Toronto invests $300,000 in supporting non-profit youth programs

City of Toronto to redirect $300,000 fund to park board but about $50,000, or 1%, will be used for programs where no staff is under immunization restrictions

Canada’s second-largest city is giving special attention to its non-profit youth centres, recreation centres and sports programs, as the city tries to fill staff shortages resulting from immunization restrictions on staff at two city-funded organizations.

The city has $300,000 a year earmarked to create a pool of resources for organizations that would create enrichment activities and other programming that would cater to the needs of youth with specific disabilities. The latter objective will be supported by about $50,000 in funding redirected from the city’s recreation department.

A city spokesperson confirmed that $200,000 will go to the Torontonians with Autism Network and $100,000 to Camp London to support free recreational programs for children and youth with autism.

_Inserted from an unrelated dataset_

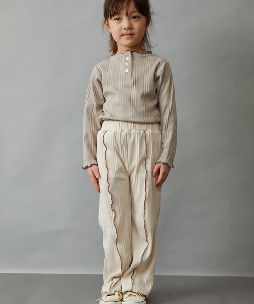 -&yam/アンドヤム- 2021SPRING 定番のリラックスパンツもトレンド感のあるランダムプリーツとメローのデザインでアップデート。シーズントレンドのランダムリブ素材にセンターと裾がメロー仕立ての配色ライン入り。フェミニンなプリーツ仕立てが魅力のリラックスイージーパンツ。少しフレアーシルエットラインが特徴。ウエスト回りはゴム仕様なので、ストレスフリーな履き心地も嬉しいポイントです カジュアルから大人キレイ目スタイルまで幅広いコーデにおすすめ◎ワンピーススタイルに、レイヤードボトムとしてちらっと合わせもおすすめコーデ おうちコーデやワンマイルコーデにも最適 カラバリ豊富に取り揃えております メローとは・・・? ロックの一種の巻きロックのことで、仕上がりが2~3ミリほどの幅で裁ち端を巻き込みながらかけます。 裾がフリルのように波打ちされた加工が施されたデザイン。 フリル端などによく使われています。 《&yam》 brand identity “BETTER DAYS” &yamはオシャレが大好きな親子の為に、素材・デザインディティールにこだわり、大人服と同感度・同品質を目指します。 デイリーに着られる機能・着心地・スタイリングのしやすさ・全身揃えられる価格で、&yamユーザーの日々の暮らしがより良くなるお手伝いをしたいと願っています。 【INFORMATION 】 ▼お気に入り登録▼『♡』マークを押してお気に入り登録をすると、割引クーポンの発行/セール開催の通知/タイムセール通知/人気商品の再入荷通知など、eversince/&yam取扱いブランドのお得な情報を受け取ることができます。 気になった商品はどんどん『♡』マークを押して、登録してください ※モニター・環境等により実際の商品と多少色味が異なって表示される場合がございます。予めご了承をお願いいたします※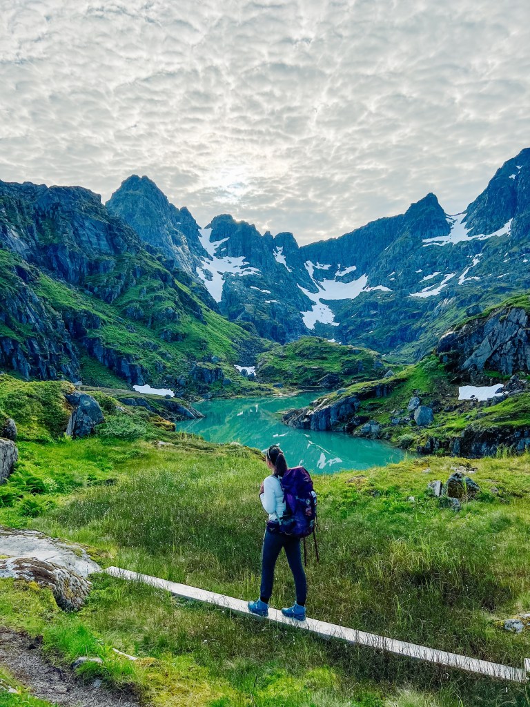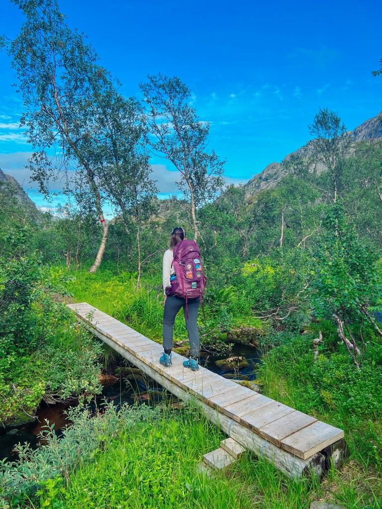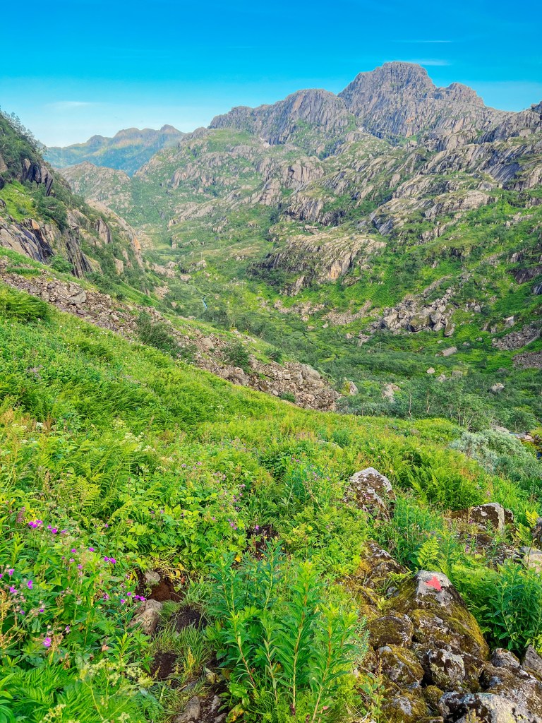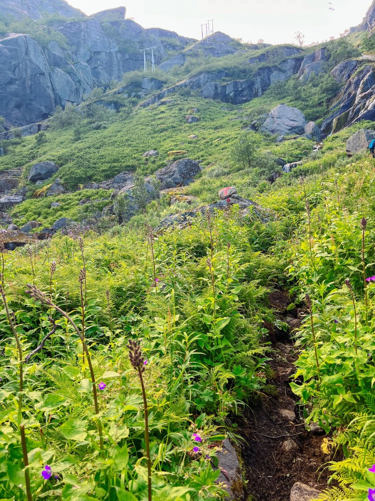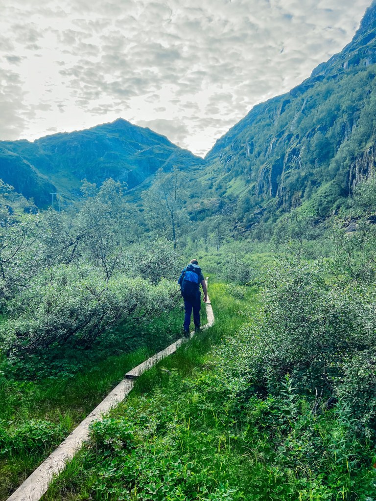 Stien er merket. Etter første stigningen snudde vi oss å så tilbake til Trollfjorden. Videre går det på sti og klopper innover Isvassdalen.

Toronto is known for its diversity – it’s the third-largest city in Canada with over two million people, about a third of whom are between the ages of 14 and 24. It’s home to more students from racialized backgrounds than any other city in the country.

At least 17.6% of young people in the Toronto area have been born to non-English-speaking immigrant parents – the highest proportion in Canada. A large proportion of these children have children of their own. Some 15.4% of Toronto residents were born outside the country, the highest share of any city in Canada.

Despite this richness in terms of population, immigrant parents make up less than half of the parents at a Toronto-area branch of the Baby & Childcare Network of Toronto.

“Some don’t have any English skills and some are new, so they don’t know how to help with the kids,” said Ashraf Khani, one of the co-founders of the network. “It’s frustrating to see that.”

The network of family childcare and daycare centres recently filed a workplace discrimination complaint with the Ontario Human Rights Commission over what it calls “the systemic failure” of the city to address the staffing shortage.

Staff at the group’s branch in Scarborough, Canada’s largest city, were not allowed to have children who had not received all the required immunizations. The city had commissioned one of Canada’s largest “expertise collection” clinics to determine why its work with disabled people was progressing so slowly.

“[T]here were really no definitions for the ability to do something,” said Susan Jones, a licensed clinical social worker. “To talk about an intellectual disability, someone may be competent and not be able to walk, but who’s not competent enough to do whatever? The threshold is too high.”

Staff at the branch served about 1,800 kids every year. It was shut down in February 2012 after receiving federal funding because the city insisted on only working with those whose parents had received all their vaccinations.

Young children require at least three vaccinations: one for each season; six vaccines before entering school; and three shots before graduating from junior high. The national limit for that group is six doses, but many choose to have only one dose as they get older. Ontario has one of the most liberal coverage policies in the country.

Jones says some parents who were not able to have their children fully vaccinated chose to enrol them in programs because the absence of immunization would not affect their growth. She calls that to be unethical.

After pressure from the network and the province, the city decided to change its position and allow all individuals to access the courses.